Türk Din Psikolojisi Dergisi, no.3, pp.115-160, 2021 (Peer-Reviewed Journal)
Every
religion with an eschatology speaks of global catastrophes and promises an
absolute happy ending for their believers. The expectations formed in line with
the narratives of religious texts that there will be a ‘global destruction’ and
then a ‘happy life’ are a very powerful motivator for both the individual and
the society. Even though the reality or plausibility of the prophecies is open
to debate, the fact that such an expectation exists is an undeniable fact. The
strength of an expectation is the belief that it will come true. Expectations
shaped by religious expressions have existed in the subconscious of societies
throughout history, influenced the perceptions of individuals and played an
active role in determining the attitudes of societies. The perceptions that
develop with the emotions that arise under the influence of the narratives of
religious texts have been effective in deciding how individuals and societies
will behave. For this reason, determining the motifs that affect the
perceptions and attitudes of people who believe in Semitic religions
constitutes the main problem of the research. It is aimed to describe the
narratives in book of Ezekiel
and book of Daniel that is sacred for Jewish and Christians and Apocalypse of
John that is sacred for Christians, to evaluate the
findings in comparison with the Islamic literature, and to classify the themes
that show similarities. For this reason, a methodology based on understanding,
definition and classification, which is the general methodology of sciences
such as Comparative History of Religions, Psychology of Religion and
Phenomenology of Religion, which is within the body of Religious Sciences,
which is a multidisciplinary field, was used. First of all, subjects such as
portents of doom, the end of the world and life after death, which are told in
Semitic texts, are described. Later, the cases defined thematically were
classified phenomenologically. Finally, factual similarities or differences in
religious texts are stated. As a result, some similarities were found. These
similarities do not have exactly the same features in absolute terms, but the
facts that show some similarities or closeness in terms of the theme described
in the texts, the characters mentioned in the events, the names of the
characters, their actions or the results they cause are associated with each
other. Every religion that talks about disasters or wars that will take place
before the apocalypse, defends that its followers are absolutely right, and
claims that their followers will achieve salvation and victory thanks to divine
grace. Every religion promises its believers an absolute happy ending in their
afterlife. In addition, it is possible to find a savior belief in every
religion, but this savior will not come for all the people of the world, but
only to save the followers of that religion.
Eskatolojisi
olan her din, küresel boyuttaki felaketlerden bahsetmekte ve kendi inananları
için mutlak bir mutlu son vadetmektedir. Dinî metinlerin, ‘küresel bir yıkım’

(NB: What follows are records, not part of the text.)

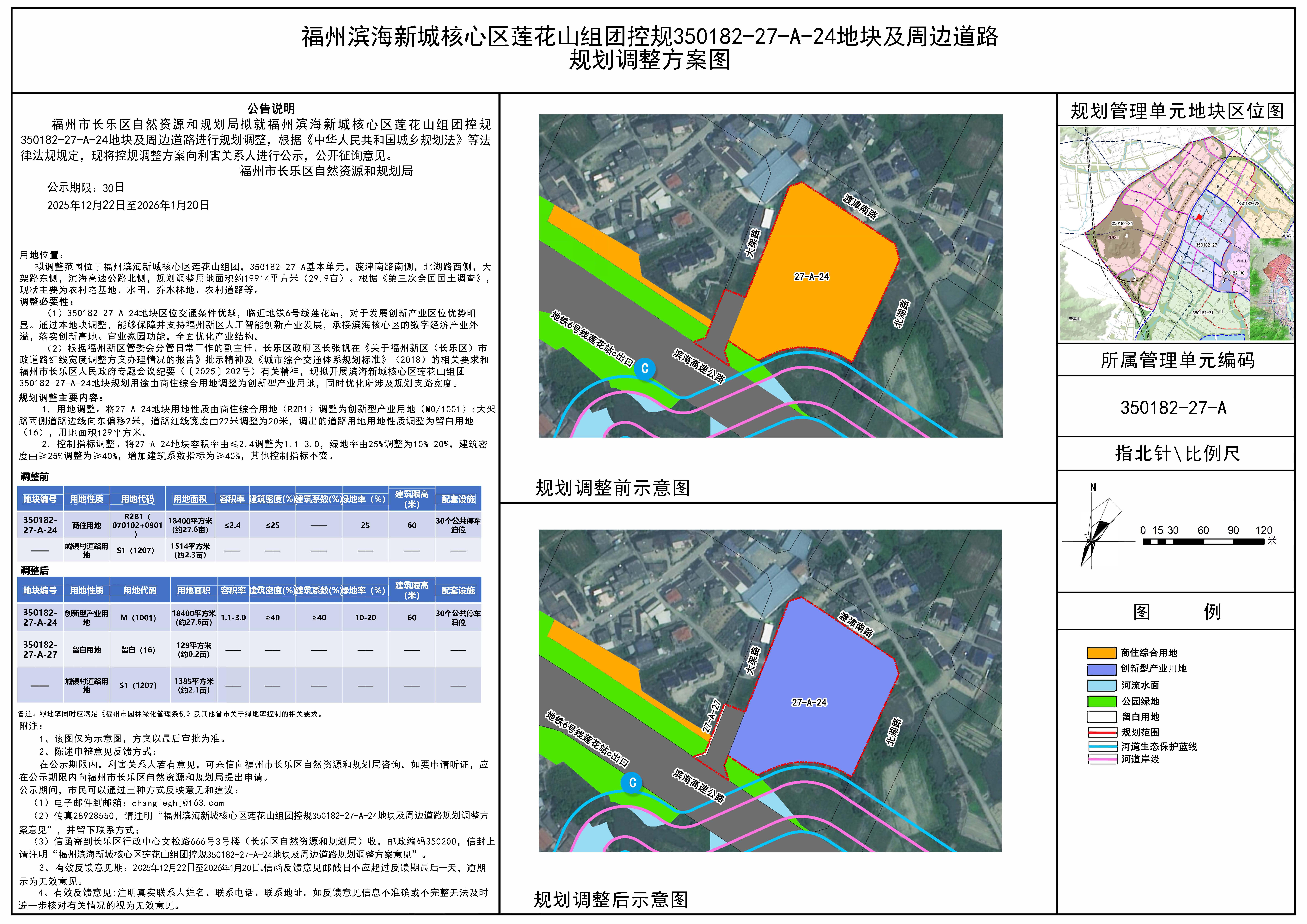 3、信函寄到长乐区行政中心文松路666号3号楼(长乐区自然资源和规划局)收,邮政编码350200,信封上请注明“福州滨海新城核心区莲花山组团控规350182-27-A-24地块及周边道路规划调整方案意见”。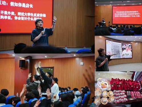 互动环节中,徐宏设置“假如你是店长”实战情景,引导学生针对“外卖复购率低”的问题设计营销活动。同学们踊跃发言,提出“抖音续火花”“游戏段位折扣”等创意方案,徐宏一一给予专业点评与建议,现场气氛活跃,互动热烈。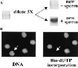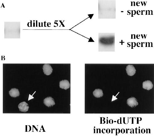 Figure 5. Nuclei assembled in the presence of high cdk2–cyclin E fail to initiate DNA replication when the cytosol is diluted. (A) Interphase cytosol was first incubated with 1 μM of cdk2–cyclin E for 30 min. After this preincubation, sperm chromatin (1,000 sperm/μl) and membrane were added. Aliquots were removed and incubated with [32P]dATP to determine early replication (left). As expected, high cdk2–cyclin E concentration blocked replication. The remainder of the mixture was incubated for a further 60 min and then diluted with 4 vol of fresh extract containing both cytosol and membrane but lacking cdk2–cyclin E. The diluted reaction was then divided in half, and new sperm chromatin (1,000/μl) was added to one half. Radioactively labeled dATP was then added to both reactions, and DNA replication was assayed after a further 60-min incubation. Nuclei assembled in the presence of high cdk2–cyclin E concentrations failed to replicate after dilution of the extract (− new sperm) while new nuclei added to such a diluted extract replicated normally (+ new sperm). (B) After dilution, an aliquot was taken from the sample “+ new sperm,” and bio-dUTP was added. After 1 h of incubation, the nuclei were spun onto a coverslip, stained with straptavidine-conjugated Texas red, and mounted with Hoechst. Five nuclei were visualized in this field (left), and four of them had bio-dUTP incorporated (right).

yaşanacağı ve ardından ‘mutlu bir hayat’ başlayacağına dair anlatımları
doğrultusunda oluşan beklentiler, hem birey hem de toplum açısından oldukça
güçlü bir güdüleyici olma özelliği taşımaktadır. Kehanetlerin gerçekliği veya gerçekleşebilirliği
konusu tartışmaya açık olsa bile böylesi bir beklentinin var olduğu gerçeği
inkâr edilemez bir olgudur. Bir beklentinin gücü, gerçekleşeceğine olan inanç
kadardır. Dinî anlatımlarla şekillenen beklentiler, tarih boyunca toplumların
bilinçaltında var olmuş, bireylerin algılarını etkilemiş ve toplumların
tutumlarının belirlenmesinde etkin bir rol oynamıştır. Dinî metinlerin
anlatımlarının etkisiyle ortaya çıkan duygularla gelişen algılar, bireylerin ve
toplumların nasıl davranacakları hususunda karar vermeleri noktasında etkili
olmuştur. Bu sebeple Semitik dinlere inanan insanların algılarına ve
tutumlarına tesir eden motiflerin tespit edilmesi araştırmanın temel problemini
oluşturmaktadır. Semitik dinî kitaplardan hem Yahudilerin hem de Hristiyanların
inanmakta olduğu ‘Hezekiel Kitabı’ ve ‘Daniel Kitabı’ ile Hristiyanların
inanmakta olduğu ‘Apocalypse kitaplarında yer alan anlatımların tasvirinin
yapılması, bulguların İslami literatür ile karşılaştırmalı olarak
değerlendirilmesi ve benzerlik gösteren temaların tasnifinin yapılması
amaçlanmaktadır. Bu sebeple, multidisipliner bir alan olan Din Bilimleri
bünyesinde yer alan Karşılaştırmalı Dinler Tarihi, Din Psikolojisi ve Din
Fenomenolojisi gibi bilimlerin genel metodolojisi olan anlamayı, tanımlamayı ve
sınıflandırmayı esas alan bir yöntembilim kullanılmıştır. Öncelikle Semitik
metinlerde anlatılan kıyamet alametleri, Dünya’nın sonu ve ölümden sonraki
yaşam gibi konuların tasviri yapılmıştır. Daha sonra tematik olarak tanımlanan
olgular fenomenolojik olarak tasnif edilmiştir. Son olarak da dini metinlerdeki
olgusal benzerlikler ve farklılıklar belirtilmiştir. Sonuç olarak bazı
benzerlikler bulunmuştur. Bu benzerlikler, mutlak manada bire bir aynı
özellikler taşımamaktadır ancak metinlerde anlatılan tema, olaylarda bahsi
geçen karakterler, karakterlerin isimleri, fiilleri veya neden oldukları
sonuçlar açısından bazı benzerlikler veya yakınlık gösteren olgular
birbirleriyle ilişkilendirilmiştir. Kıyamet öncesi gerçekleşecek felaketlerden
veya savaşlardan bahseden her din, kendi müntesiplerinin mutlak doğru ve haklı
olduğunu savunmakta ve tanrısal inayet sayesinde kendi taraftarlarının
kurtuluşa ve galibiyete ulaşacağını iddia etmektedir. Her din, kendi
inananlarına ölümden sonraki hayatlarında mutlak bir mutlu son vadetmektedir.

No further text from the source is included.